The Lost River is a 4.0 mi stream in the White Mountains of New Hampshire in the United States. It is a tributary of Moosilauke Brook, part of the Pemigewasset River watershed leading to the Merrimack River.

The Lost River begins on the eastern slopes of Mount Moosilauke below the peak of Mount Jim and above Kinsman Notch, one of the major passes through the White Mountains. As it flows through the notch, it passes through Lost River Gorge, an area where enormous boulders falling off the flanking walls of the notch at the close of the last Ice Age have covered the river, creating a network of boulder caves.

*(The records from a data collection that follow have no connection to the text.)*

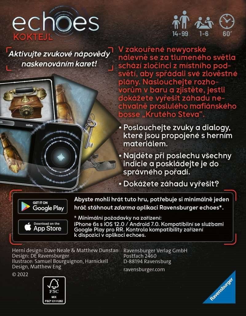 V zadimljenem newyorškem speakeasyju se v šibki svetlobi zbirajo kriminalci iz lokalnega podzemlja in kujejo svoje zlovešče načrte. Prisluhnite pogovorom v baru in preverite, ali lahko razrešite skrivnost zloglasnega mafijskega šefa „Cruel Steve“. Odmevi so razburljiva detektivska igra za vso družino in skupino prijateljev. Kako dobro znate prisluhniti zvokom v svojem okolju? V igri Odmevi preiskujete skrivnosti z uporabo svojih posebnih spretnosti. Med preiskovanjem predmetov boste slišali odmeve iz preteklosti – skrivnostne zvoke in glasove, ki vam omogočajo, da odkrijete skrivno zgodovino predmetov in postavite dogodke v pravo zaporedje. Zvočne namige aktivirajte s skeniranjem kartic. Prisluhnite zvokom in dialogom, ki so povezani z igralnim gradivom. Med poslušanjem poiščite vse namige, jih postavite v pravilen vrstni red in rešite skrivnost. Za igranje igre morate prenesti brezplačno aplikacijo Ravensburgerjevi odmevi, ki jo v celoti v češčini pripoveduje Václav Neužil.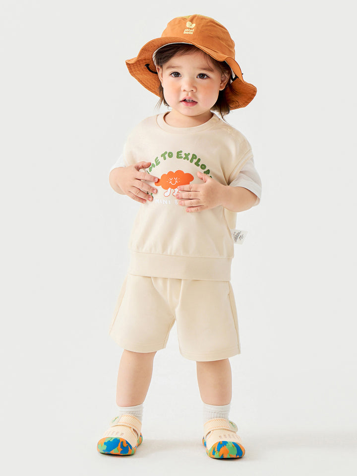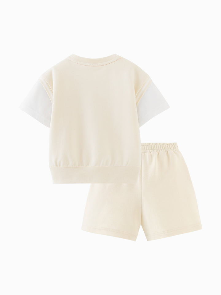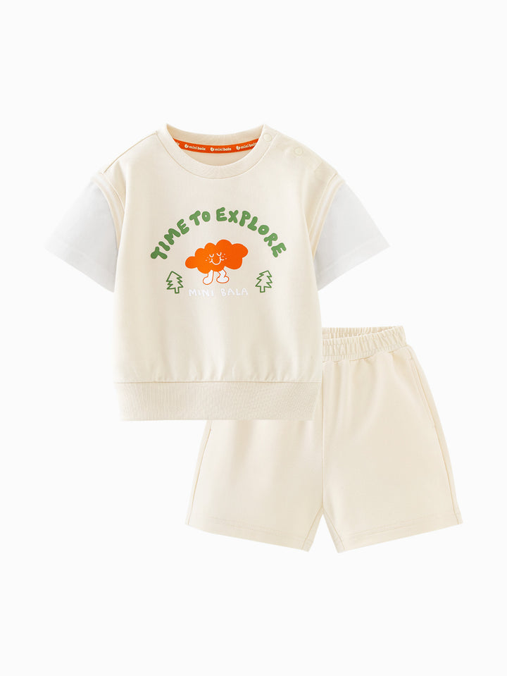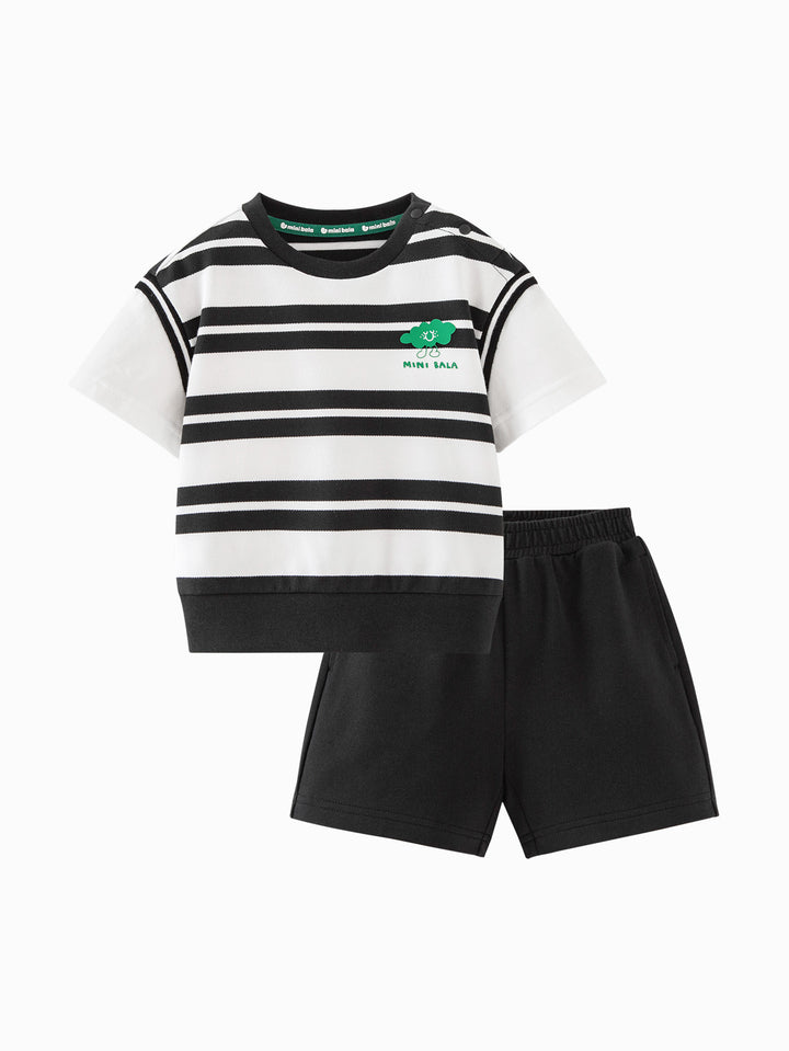Top: Main fabric: 46.1% polyester 39.1% cotton 7.8% viscose 7.0% spandex Sleeve fabric: 100% cotton (excluding trimmings) Pants: Fabric: 46.1% polyester 39.1% cotton 7.8% viscose 7.0% spandex (excluding trimmings)
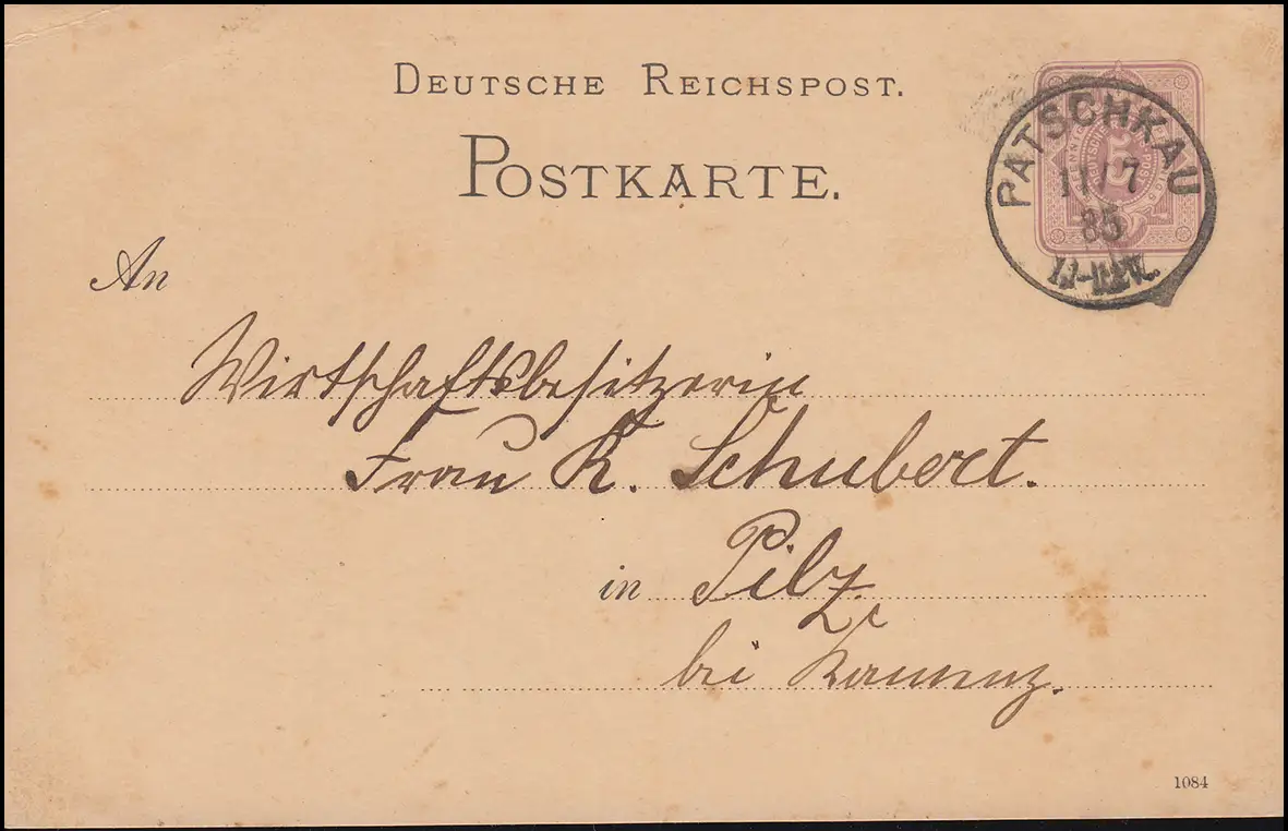 Postkarte P 12/02B Ziffer 5 Pfennig DV 1084 von PATSCHKAU 11.7.1885  nach Pilz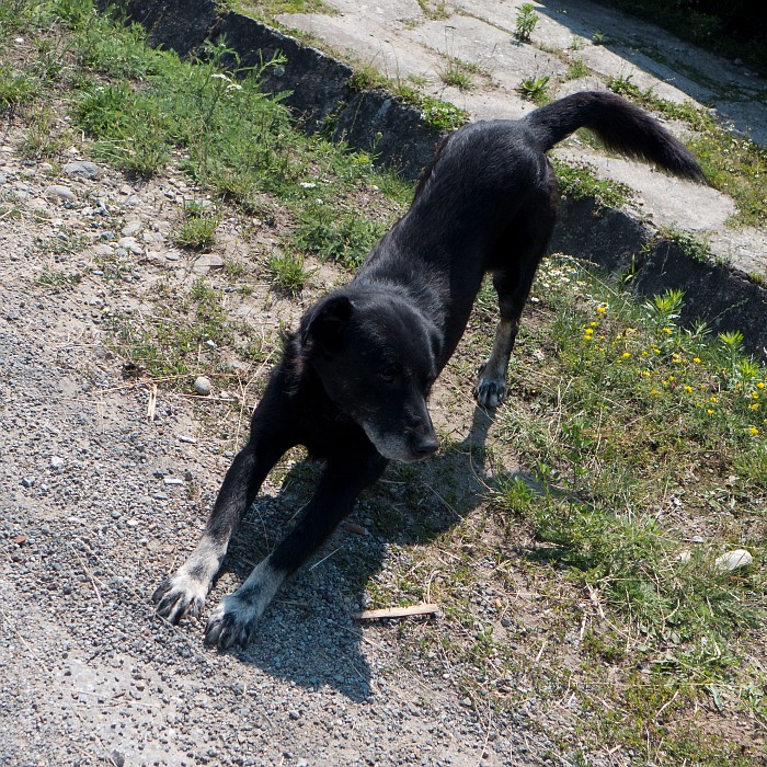 Novaci, Rumunia Nadszedł czas aby napisać o rumuńskich psach. Bezdomnych psów są tu bowiem setki czy tysiące. Mijałem wsie gdzie przed każdym domem włóczyły się 2 czy 3 psy. Są wszystkich ras i maści od małych po ogromne. Wszystkie mają za to 1 wspólną cechę - są zupełnie spokojne. Leniwie przemieszczają się lub leżą w cieniu szukając wytchnienia. Raczej unikają podchodzenia do ludzi, czasem jeśli się je zawoła potrafią powoli podejść. Żaden nigdy nie wzgardził kromką suchego chleba czy starą bułką.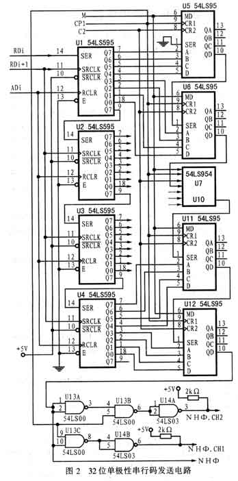 32位单极性串行码发送电路的主要作用是将PC/104总线的数据端口D0-D7送出的串行TTL电平经54LS595移位锁存至54LS95移位寄存器的Di输入口,然后在并行置入脉冲C2下降沿的作用下打入到Qi输出口,最后在32个串行右移脉冲CP1下降沿的作用下形成所需的、含有特定意义的32位单极性双通道串行码NHΦ.CHl和NHΦ.CH2。具体的电路实现原理如图2所示。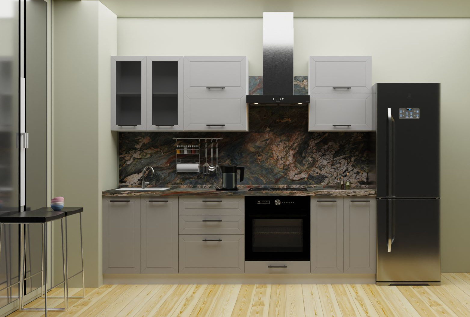Кухонный гарнитур “Вектор” отличается стильными фасадами с эффектом soft touch, который придает

The gorge is owned by the Society for the Protection of New Hampshire Forests and is operated as a tourist attraction, with trails and ladders accessing many of the caves.

The river flows southeast from Kinsman Notch to Jackman Brook, where the two streams form Moosilauke Brook, which continues northeast through the granite gorge of Agassiz Basin and joins the Pemigewasset River in the village of North Woodstock.

New Hampshire Route 112 follows the Lost River from Kinsman Notch to Moosilauke Brook.